Showmanship returns at Chanel as Blazy debuts under a sky of planets
Last updated: October 8, 2025 | 09:51
Models wear creation as part of the Chanel Spring/Summer 2026 collection presented in Paris, on Monday.
Showmanship returned to Chanel on Monday. At Paris Fashion Week, its new designer Matthieu Blazy opened the season’s most anticipated debut beneath colossal celestial bodies — Saturn with its rings, a full solar system suspended above a jet-black and a mirror-bright runway — staking a claim for theatre from the first second.
Reflections doubled the cosmos underfoot as a front-row constellation of stars, including Nicole Kidman, Marion Cotillard and Tilda Swinton, looked up. By night’s end, the room rose in a standing ovation. As Vogue’s doyenne Anna Wintour has said, “fashion needs its showmen.” Chanel had one again.
Founded in 1910, Chanel reshaped women’s wardrobes by replacing corseted silhouettes with ease — jersey, trousers — and later codified a global idea of Parisian chic through the little black dress, pearls and the tweed suit.

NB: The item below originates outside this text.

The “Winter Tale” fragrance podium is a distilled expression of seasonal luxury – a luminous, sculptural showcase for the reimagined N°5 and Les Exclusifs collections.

Under Karl Lagerfeld in the 1980s, it became the model for how a heritage house can be both historic and relentlessly modern, its runway spectacles influencing the industry far beyond Paris. That legacy made Blazy’s debut more than a change of designer, but a test of how a century-old, multi-billion dollar institution continues to speak to the world.

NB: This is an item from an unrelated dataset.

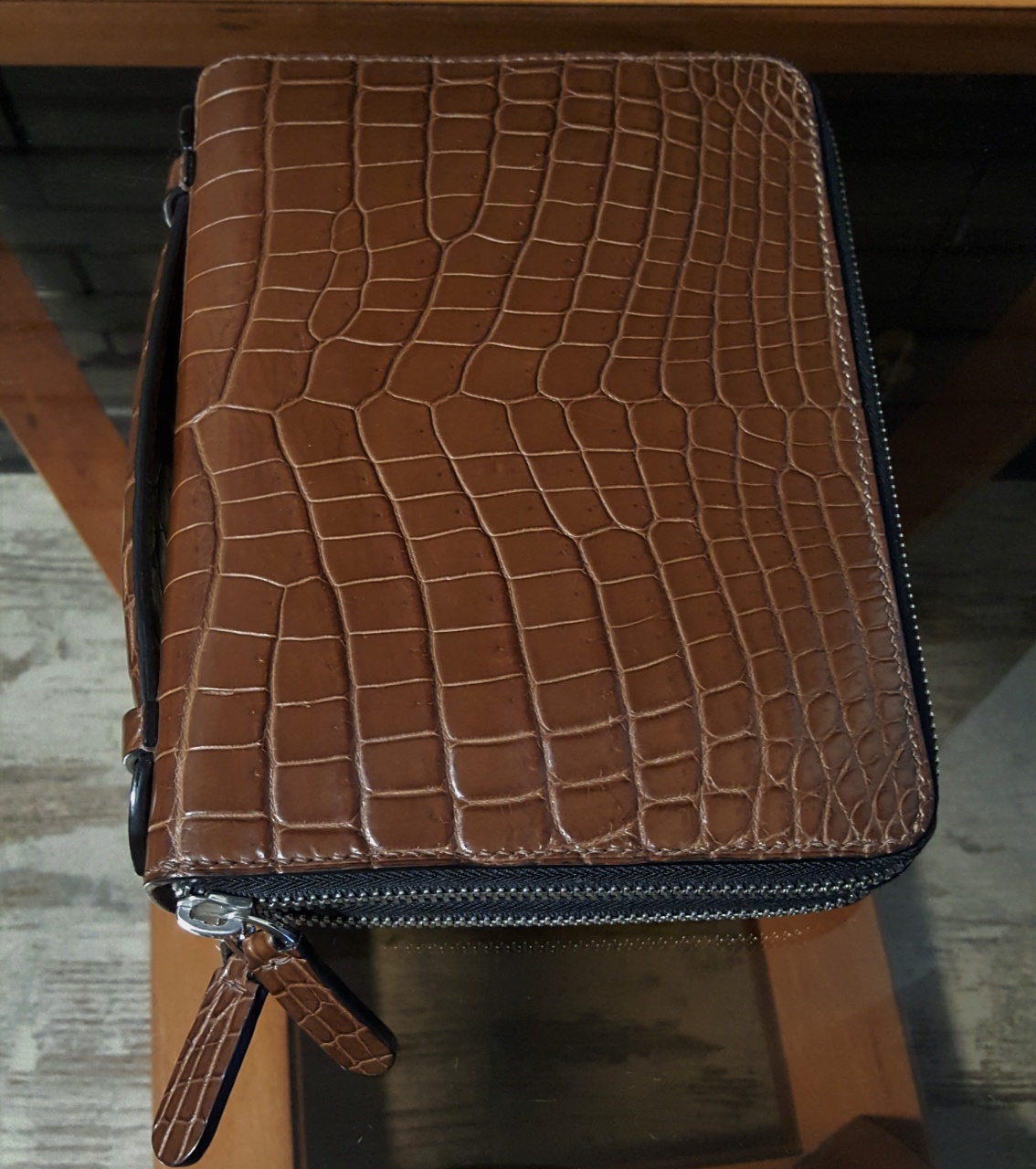 Изготовлен из 100% кожи нильского крокодила высочайшего качества выделки из цельного куска с живота рептилии.

Models wear creation as part of the Chanel Spring/Summer 2026 collection presented in Paris, on Monday.
The show capped a season dense with debuts: Pierpaolo Piccioli at Balenciaga, Louise Trotter at Bottega Veneta, Jack McCollough and Lazaro Hernandez at Loewe and Dario Vitale at Versace.
Yet Chanel’s moment felt singular for stakes and scale. By dialing down glitter, dialing up line, restoring theater and keeping the codes legible, Blazy positioned Chanel not as a museum of symbols but as a platform for them.
The opener functioned as a manifesto: an androgynous, slouchy pantsuit featuring low-slung trousers and an asymmetric jacket with structured shoulders. The looks split from the playbook of subdued designer Virginie Viard who parted ways with Chanel last year. They also shifted from late-period Karl Lagerfeld - one step closer to Gabrielle “Coco” Chanel.
Models wear creation as part of the Chanel Spring/Summer 2026 collection presented in Paris, on Monday.
Photos: Agencies
The styles were not a reinvention of tweed, but rather menswear rethought through the founder’s origin story, when Coco wore the clothes of her lover the “Boy” Capel. A hand anchored in a pocket made the point explicit: the freedom Chanel once placed in women’s hands - giving them trousers and pockets on them — restated.
The spring 2026 collection, months in the making, read as an imagined conversation between Blazy and Chanel herself: thoughtfulness braided with showmanship.
Ribbons — rumoured to be a sticking point between designer and atelier - were largely gone. Sparkle was sparse, a calculated risk in markets that prize high shine. In their place came silhouette-first solutions and masses of feathers, with the camellia held as steady leitmotif.